───── Data excerpts ─────
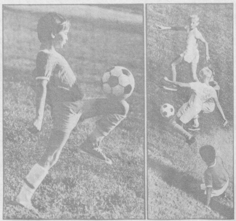
Футбол — это вдохновение. (На снимках: тренировка юных футболистов спортивной школы олимпийского резерва «Пахтакор»).

В предгорьях Памиро-Алая состоялась генеральная репетиция наблюдений кометы Галлея. В ее роли предстало на этот раз другое блуждающее светило — комета Джаккобини-Циннера. С этим «дублером» астрономы Узбекистана отработали новую методику исследований и оперативной передачи полученных данных.
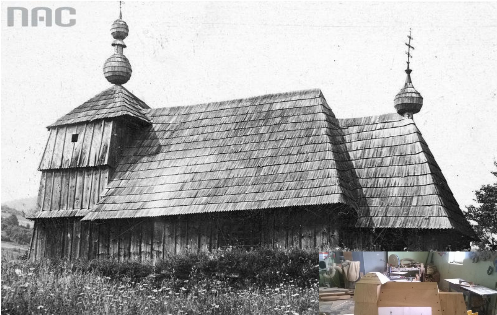
sygn. 1-U-8312
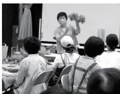
26 百合が原公園 講習会
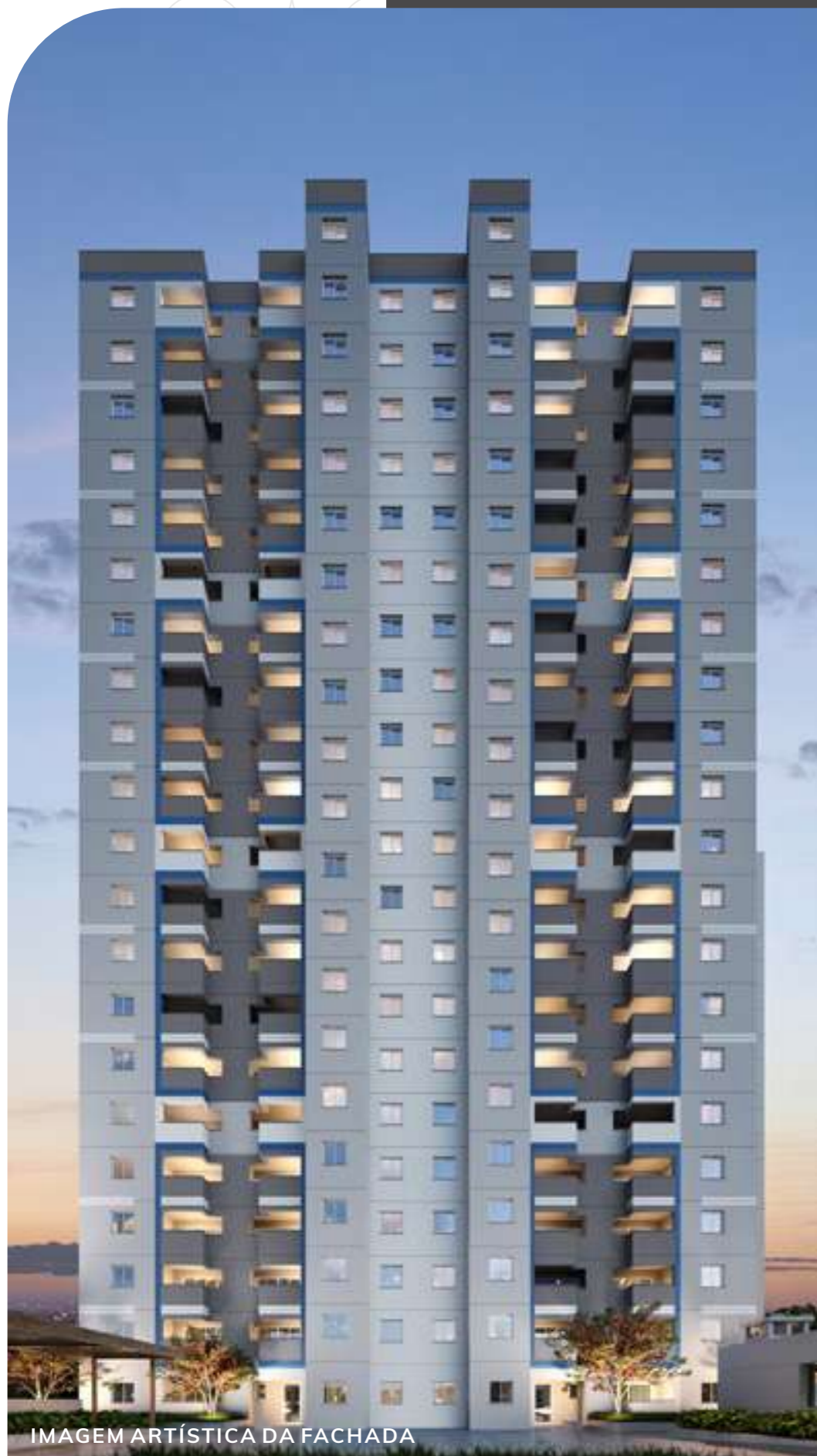
IMAGEM ARTÍSTICA DA FACHADA
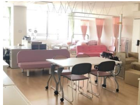
保健室。ピンクは心が落ち着く色なんだそうです。
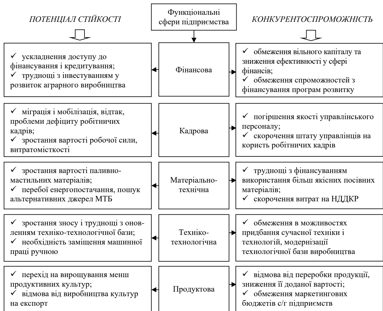
Рис. 1. Проблеми потенціалу стійкості та забезпечення конкурентоспроможності вітчизняних аграрних підприємств в умовах війни

На рис. 1 узагальнено проблеми потенціалу стійкості та забезпечення конкурентоспроможності вітчизняних аграрних підприємств в умовах війни.
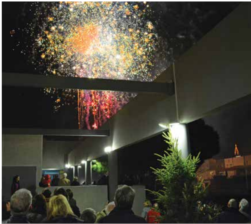
CÉRÉMONIE DES VŒUX À LA POPULATION LE MARDI 6 JANVIER

SÉANCES DE MOTRICITÉ* Avec le RAM. De 10h à 11h. Espace N. Mandela.
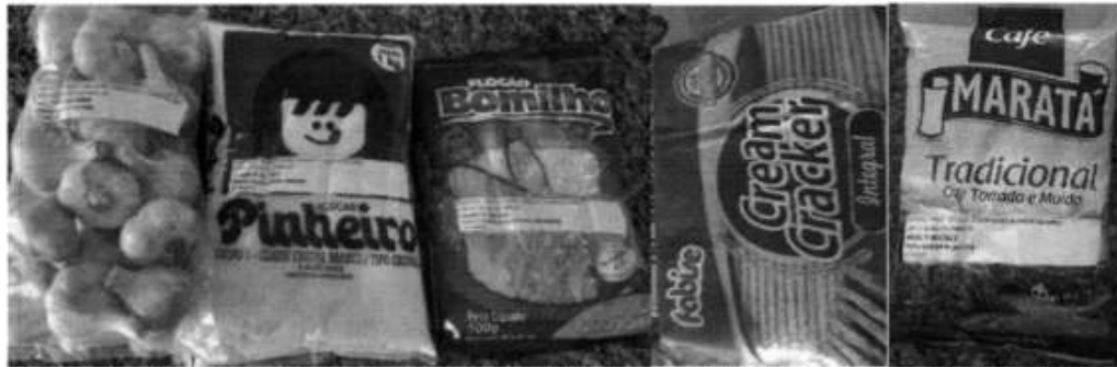
Imagem 4 – Amostras aprovadas da Empresa Projeet Soluções em Serviços e Alimentos Eireli, Tomar do Geru/SE, 2022.
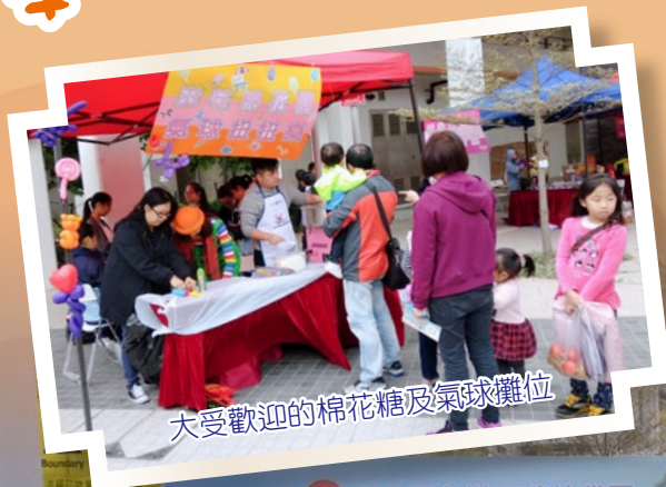
大受歡迎的棉花糖及氣球攤位
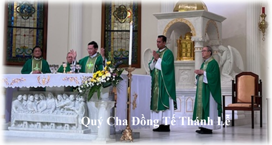
Quý Cha Đồng Tế Thánh Lễ
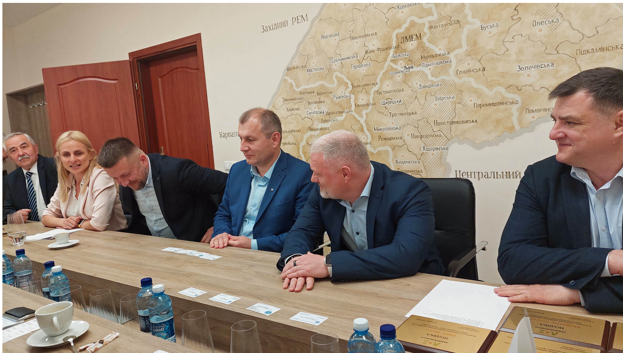
Początek spotkania delegacji SEP z kierownictwem Firmy PSA "Liwiboblenergo"
─────
» **Instructions to follow**
Now copy each line of the entries that mentions "вітчизняних".

» **Exercise response**
Рис. 1. Проблеми потенціалу стійкості та забезпечення конкурентоспроможності вітчизняних аграрних підприємств в умовах війни
На рис. 1 узагальнено проблеми потенціалу стійкості та забезпечення конкурентоспроможності вітчизняних аграрних підприємств в умовах війни.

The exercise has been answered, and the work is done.